[Prompt] Starting from the line containing "Вранці над Ружинською", give again every line through the end of the entries, word for word. Pictures stay out of the copy.

[Extracted information]
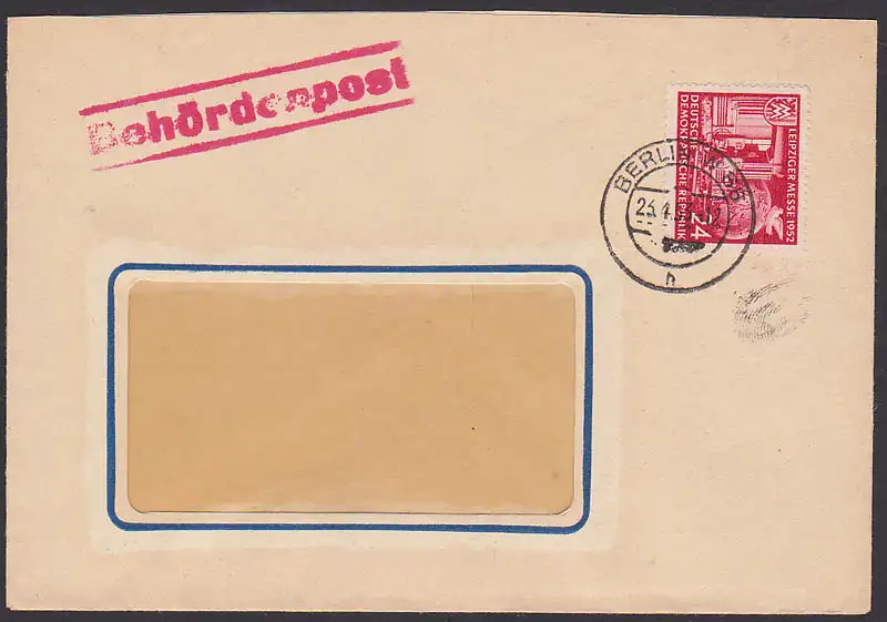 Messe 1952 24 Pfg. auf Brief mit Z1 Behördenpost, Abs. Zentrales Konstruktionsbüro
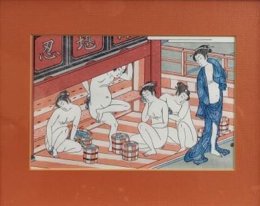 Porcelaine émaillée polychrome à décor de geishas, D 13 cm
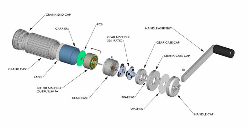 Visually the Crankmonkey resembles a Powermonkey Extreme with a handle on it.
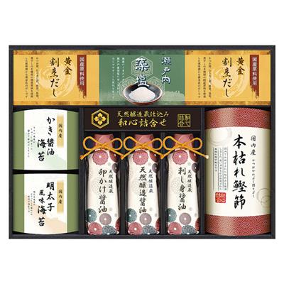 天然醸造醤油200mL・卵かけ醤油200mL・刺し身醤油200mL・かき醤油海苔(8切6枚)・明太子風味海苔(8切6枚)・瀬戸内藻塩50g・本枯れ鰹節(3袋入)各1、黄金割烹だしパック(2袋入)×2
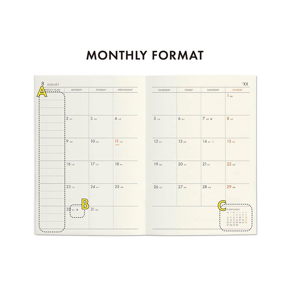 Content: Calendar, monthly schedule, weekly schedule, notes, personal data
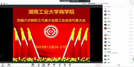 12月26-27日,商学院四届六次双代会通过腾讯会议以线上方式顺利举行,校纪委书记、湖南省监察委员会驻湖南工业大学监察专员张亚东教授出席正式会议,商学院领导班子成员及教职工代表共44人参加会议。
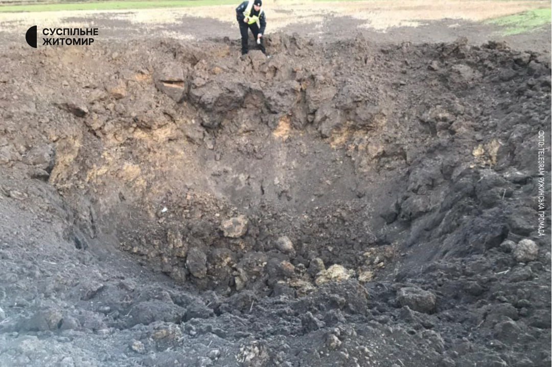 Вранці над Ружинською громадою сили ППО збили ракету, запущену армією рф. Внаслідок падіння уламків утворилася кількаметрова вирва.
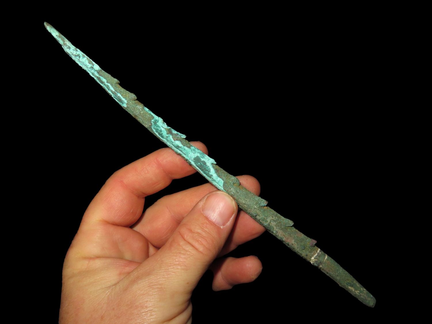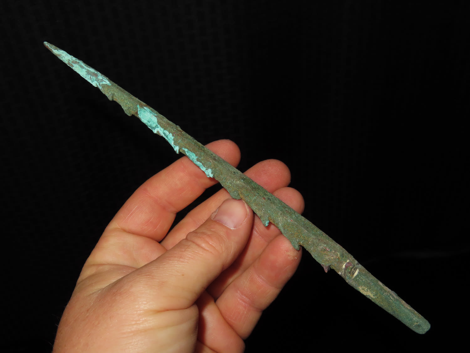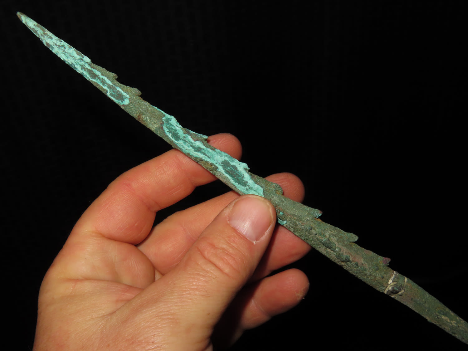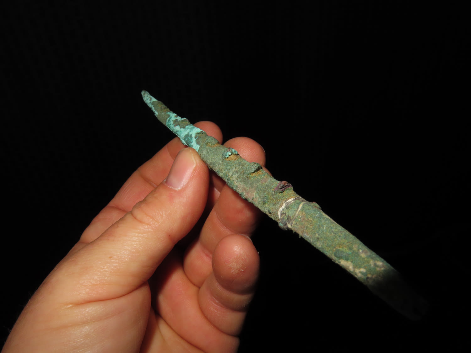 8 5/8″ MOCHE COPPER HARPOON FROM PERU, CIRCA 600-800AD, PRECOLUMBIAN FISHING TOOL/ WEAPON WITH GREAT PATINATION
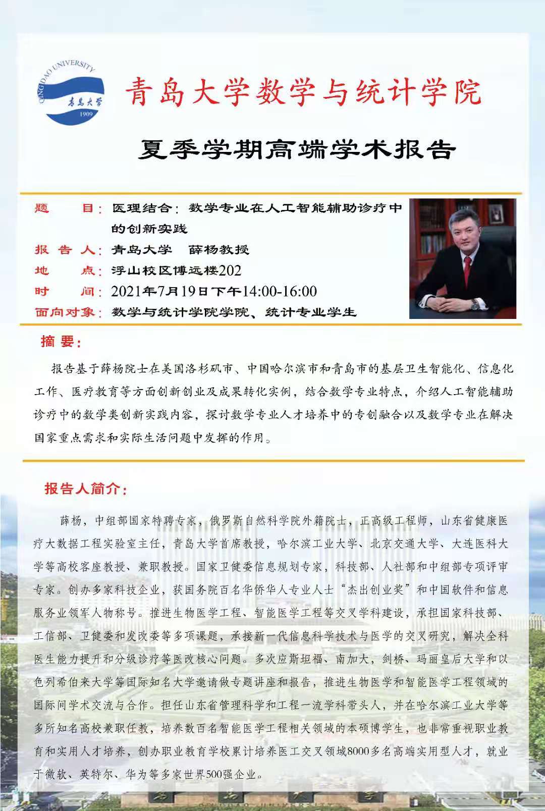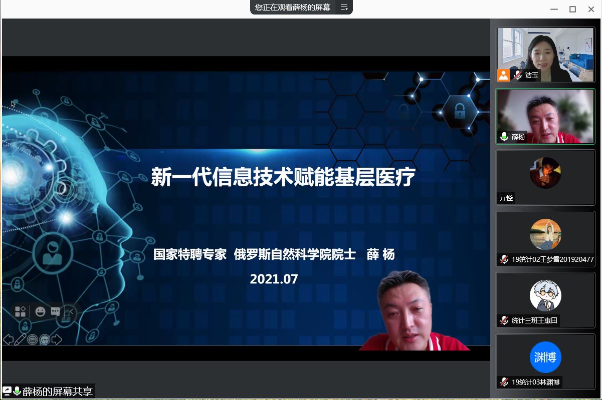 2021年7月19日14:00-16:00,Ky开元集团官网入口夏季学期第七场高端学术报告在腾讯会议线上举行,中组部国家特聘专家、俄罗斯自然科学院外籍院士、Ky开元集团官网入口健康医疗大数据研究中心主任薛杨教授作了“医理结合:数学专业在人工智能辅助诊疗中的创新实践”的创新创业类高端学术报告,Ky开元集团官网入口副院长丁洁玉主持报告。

[Output for this task]
 Вранці над Ружинською громадою сили ППО збили ракету, запущену армією рф. Внаслідок падіння уламків утворилася кількаметрова вирва.
 8 5/8″ MOCHE COPPER HARPOON FROM PERU, CIRCA 600-800AD, PRECOLUMBIAN FISHING TOOL/ WEAPON WITH GREAT PATINATION
 2021年7月19日14:00-16:00,Ky开元集团官网入口夏季学期第七场高端学术报告在腾讯会议线上举行,中组部国家特聘专家、俄罗斯自然科学院外籍院士、Ky开元集团官网入口健康医疗大数据研究中心主任薛杨教授作了“医理结合:数学专业在人工智能辅助诊疗中的创新实践”的创新创业类高端学术报告,Ky开元集团官网入口副院长丁洁玉主持报告。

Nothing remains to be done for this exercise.